Copy out any errors that you might get during installation and paste them here.

----------


## joelw1351

> The guide is here: http://ubuntuforums.org/showpost.php...28&postcount=1
> 
> Follow the instructions on Ubuntu 8.10 as they do not work on 8.04. 
> 
> Copy out any errors that you might get during installation and paste them here.


OK that guide is what I used, but I don't see a guide for 8.10.

----------


## NullHead

> OK that guide is what I used, but I don't see a guide for 8.10.


That guide *is* for 8.10. It's not marked as one, but it is.

----------


## joelw1351

> That guide *is* for 8.10. It's not marked as one, but it is.


That is the guide I used, but it never finishes. Then locks up on reboot.

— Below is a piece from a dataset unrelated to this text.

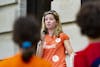Children listen while Courtney Daily, the local chair for the Bloomington chapter of Moms Demand Action for Gun Sense in America, speaks at the Wear Orange event Friday, June 1, outside the Monroe County Courthouse. Orange was chosen because of its use by hunters to signal the presence of human life.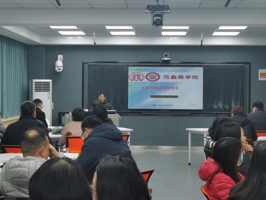 (特约记者张宜君)3月22日下午,yl6809永利官网集团在1号教学楼1315智慧教室开展了“周二公开课”第二讲,主讲人是财务管理专业负责人周青浮教授,讲授课程为《全面预算绩效管理》,学院全体无课教师进行观摩。

I used terminal and cut and pasted each line so I made no errors.

----------


## NullHead

If you can get the computer to boot again (maybe even reinstall or something) type in ./configure and copy out everything that's there and put it in here so I can see it. It's possible that there's nothing I can do, but I'm interested to see it anyways.

----------


## borlosky

ok, did a format/fresh install ov 8.10, all works perfectly now!  :Smile:  about time....

----------


## nexus_six

Still not working for me  :Sad: 

Interesting though:
Fresh install -> updates -> xfi driver installation: sound card not found after reboot.

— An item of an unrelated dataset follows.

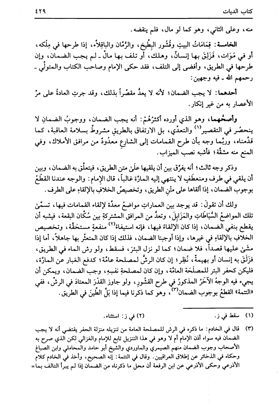 ولك أن تقولَ: قد يوجد بين العماراتِ مواضعُ معدَّة لإلقاء القمامات فيها، تسمَّى تلك المواضعُ السُّبَاطاتِ والمَزَابِلَ، وتعدُّ من المرافق المشتركةِ بين سُكَّان البقعة، فيشبه أن يقطع بنفي الضمان، إذا كان الإلقاءُ فيها، فإنه استيفاءُ (¬2) منفعةٍ مستحَقَّة، وتخصيص الخلافِ بالإلقاءِ في غيرها، وإذا أوجبنا الضمان، فذلك إذا كان المتعثِّر بها جاهلاً، أما إذا مشَى عليها قصدًا، فلا ضمان؛ كما لو نزل البئرَ، فسقط، ولو رش الماء في الطريق، فزَلَقَ به إنسان أو بهيمةٌ، نُظِر؛ إن كان الرشُّ لمصلحة عامَّة؛ كدفع الغبار عن المارَّة، فليكن كحفر البئر للمصلَحَة العامَّة، وإن كان لمصلحةِ نفسِهِ، وجب الضمان، ويمكن أن يجيء فيه الوجهُ الآخَرُ المذكورُ في طرح القشُورِ، ولو جاوز القدْرَ المعتادَ في الرشِّ، ففي "التتمة" القطعُ بوجوب الضمان (¬3)، وهو كما ذكرنا فيما إذا بَلَّ الطِّينَ في الطريق.

Fresh install -> updates -> restricted nvidia drivers -> xfi driver installation: after reboot, pc does not detect any mice. ctrl-alt-backspace leads to blank screen with blinking underscore only; hard reset required. Upon hard reset, system boots normally, mouse found, but no sound card.

Funnily enough, lspci -v gives me this:




> 04:00.0 Audio device: Creative Labs Device 000b (rev 03)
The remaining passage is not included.